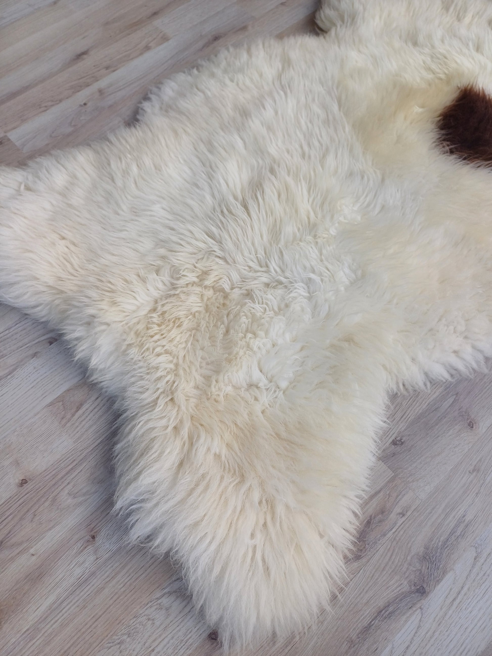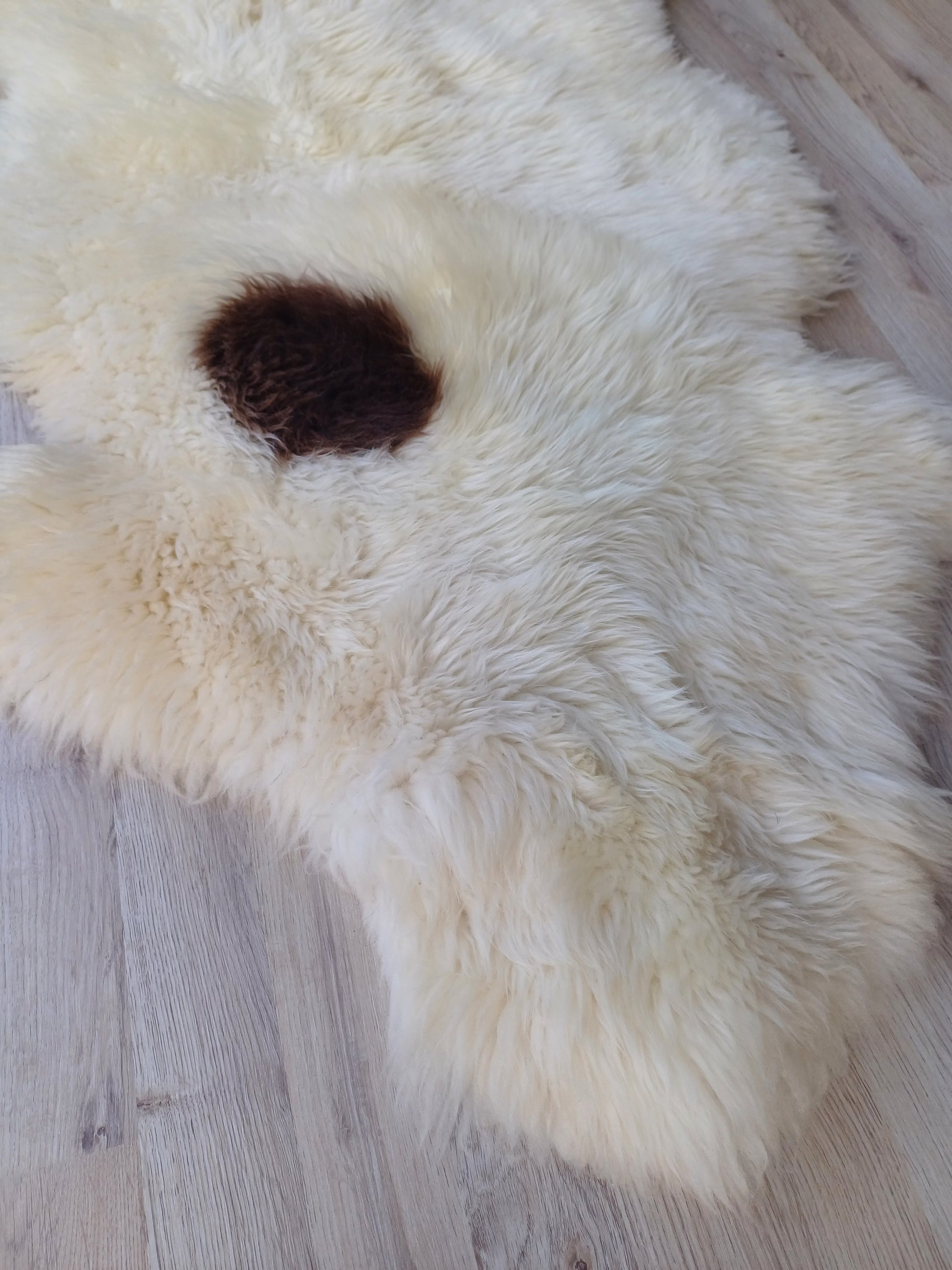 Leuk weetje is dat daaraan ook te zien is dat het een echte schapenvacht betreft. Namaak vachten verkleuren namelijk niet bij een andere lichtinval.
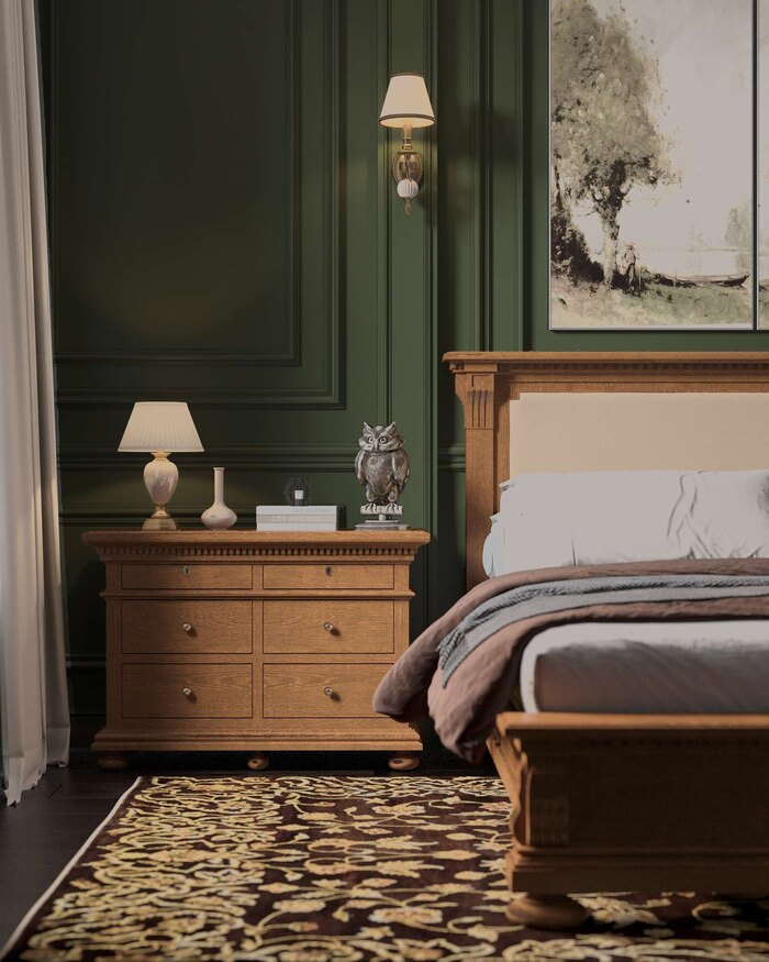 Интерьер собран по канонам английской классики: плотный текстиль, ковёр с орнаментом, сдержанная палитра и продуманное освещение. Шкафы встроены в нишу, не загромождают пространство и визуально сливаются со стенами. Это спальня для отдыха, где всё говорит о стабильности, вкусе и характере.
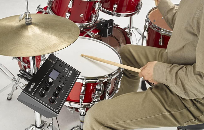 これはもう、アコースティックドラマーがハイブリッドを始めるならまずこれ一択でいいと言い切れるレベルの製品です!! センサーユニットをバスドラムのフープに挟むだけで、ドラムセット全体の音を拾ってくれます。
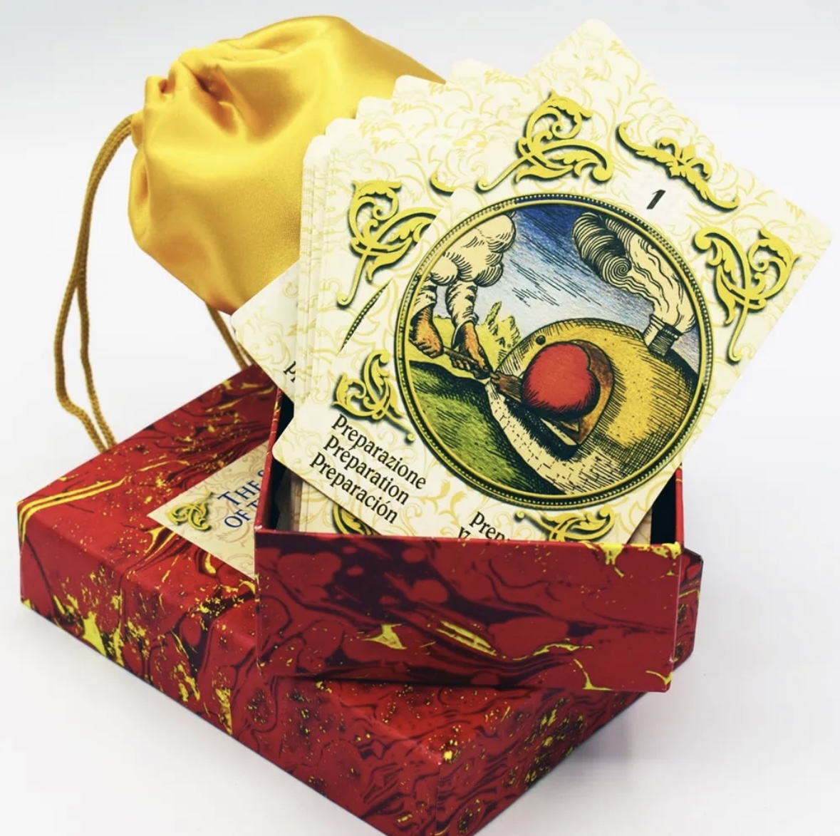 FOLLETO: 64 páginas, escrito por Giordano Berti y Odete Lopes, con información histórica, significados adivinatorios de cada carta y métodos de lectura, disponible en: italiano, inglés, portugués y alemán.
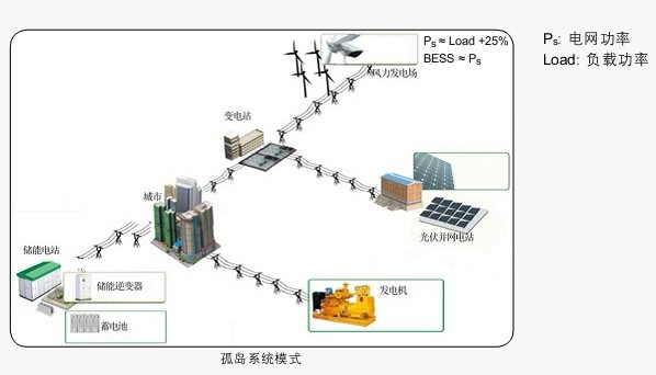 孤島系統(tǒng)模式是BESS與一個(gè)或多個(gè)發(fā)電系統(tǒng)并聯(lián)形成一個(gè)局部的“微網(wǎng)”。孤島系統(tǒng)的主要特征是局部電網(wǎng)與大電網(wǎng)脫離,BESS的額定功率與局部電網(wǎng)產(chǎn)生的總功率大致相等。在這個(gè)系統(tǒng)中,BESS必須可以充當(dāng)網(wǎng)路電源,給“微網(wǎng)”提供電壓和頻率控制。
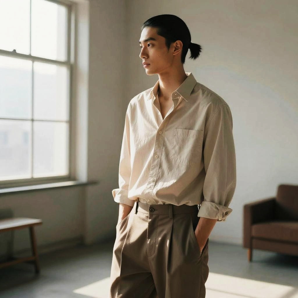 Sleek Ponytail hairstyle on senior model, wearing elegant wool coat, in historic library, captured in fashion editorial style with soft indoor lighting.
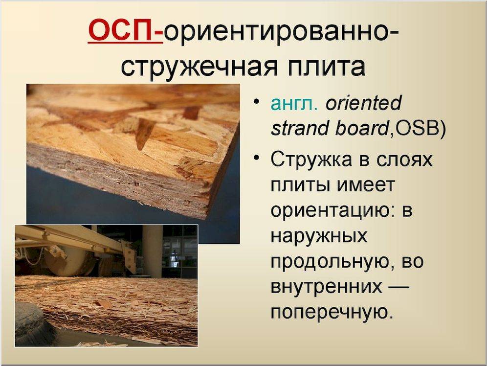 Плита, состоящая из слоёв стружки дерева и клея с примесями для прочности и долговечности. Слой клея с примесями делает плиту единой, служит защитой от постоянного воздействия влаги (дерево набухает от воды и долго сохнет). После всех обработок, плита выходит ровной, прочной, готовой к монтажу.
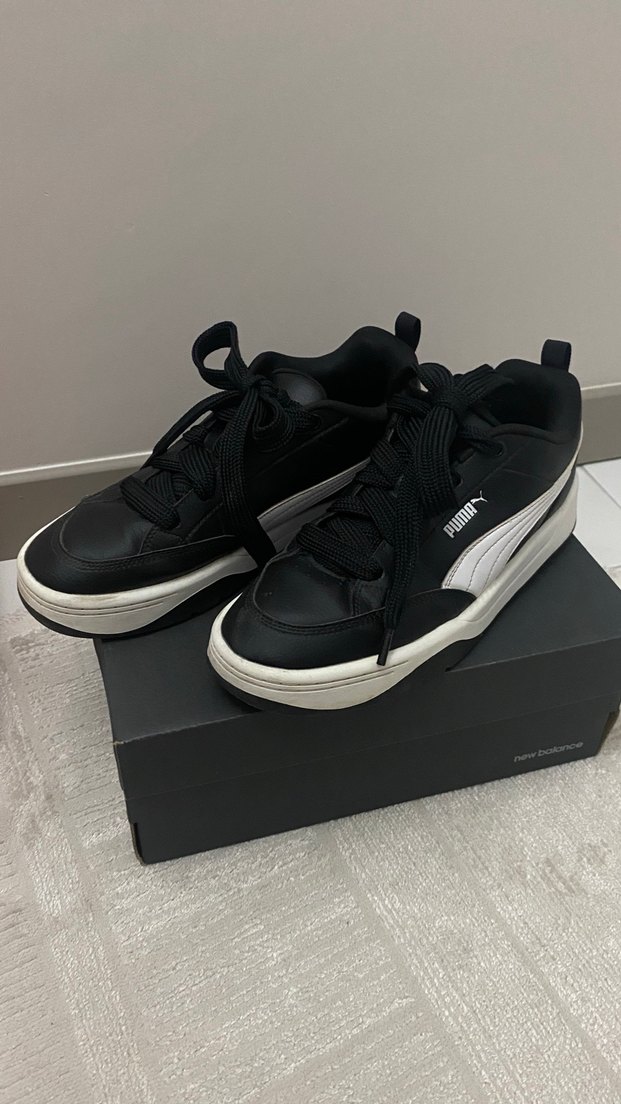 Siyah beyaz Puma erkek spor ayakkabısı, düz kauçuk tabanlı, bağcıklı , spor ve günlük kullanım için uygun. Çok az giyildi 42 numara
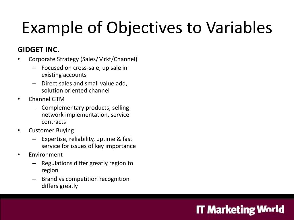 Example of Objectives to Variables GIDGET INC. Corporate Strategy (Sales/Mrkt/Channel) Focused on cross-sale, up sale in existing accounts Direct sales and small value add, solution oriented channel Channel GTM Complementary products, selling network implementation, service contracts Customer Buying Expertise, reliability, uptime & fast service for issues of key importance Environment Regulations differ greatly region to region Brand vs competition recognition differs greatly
----------------
◆ **How to complete this task**
Repeat the records above verbatim. Include none of the pictures.

◆ **Finished task**
 Leuk weetje is dat daaraan ook te zien is dat het een echte schapenvacht betreft. Namaak vachten verkleuren namelijk niet bij een andere lichtinval.
 Интерьер собран по канонам английской классики: плотный текстиль, ковёр с орнаментом, сдержанная палитра и продуманное освещение. Шкафы встроены в нишу, не загромождают пространство и визуально сливаются со стенами. Это спальня для отдыха, где всё говорит о стабильности, вкусе и характере.
 これはもう、アコースティックドラマーがハイブリッドを始めるならまずこれ一択でいいと言い切れるレベルの製品です!! センサーユニットをバスドラムのフープに挟むだけで、ドラムセット全体の音を拾ってくれます。
 FOLLETO: 64 páginas, escrito por Giordano Berti y Odete Lopes, con información histórica, significados adivinatorios de cada carta y métodos de lectura, disponible en: italiano, inglés, portugués y alemán.
 孤島系統(tǒng)模式是BESS與一個(gè)或多個(gè)發(fā)電系統(tǒng)并聯(lián)形成一個(gè)局部的“微網(wǎng)”。孤島系統(tǒng)的主要特征是局部電網(wǎng)與大電網(wǎng)脫離,BESS的額定功率與局部電網(wǎng)產(chǎn)生的總功率大致相等。在這個(gè)系統(tǒng)中,BESS必須可以充當(dāng)網(wǎng)路電源,給“微網(wǎng)”提供電壓和頻率控制。
 Sleek Ponytail hairstyle on senior model, wearing elegant wool coat, in historic library, captured in fashion editorial style with soft indoor lighting.
 Плита, состоящая из слоёв стружки дерева и клея с примесями для прочности и долговечности. Слой клея с примесями делает плиту единой, служит защитой от постоянного воздействия влаги (дерево набухает от воды и долго сохнет). После всех обработок, плита выходит ровной, прочной, готовой к монтажу.
 Siyah beyaz Puma erkek spor ayakkabısı, düz kauçuk tabanlı, bağcıklı , spor ve günlük kullanım için uygun. Çok az giyildi 42 numara
 Example of Objectives to Variables GIDGET INC. Corporate Strategy (Sales/Mrkt/Channel) Focused on cross-sale, up sale in existing accounts Direct sales and small value add, solution oriented channel Channel GTM Complementary products, selling network implementation, service contracts Customer Buying Expertise, reliability, uptime & fast service for issues of key importance Environment Regulations differ greatly region to region Brand vs competition recognition differs greatly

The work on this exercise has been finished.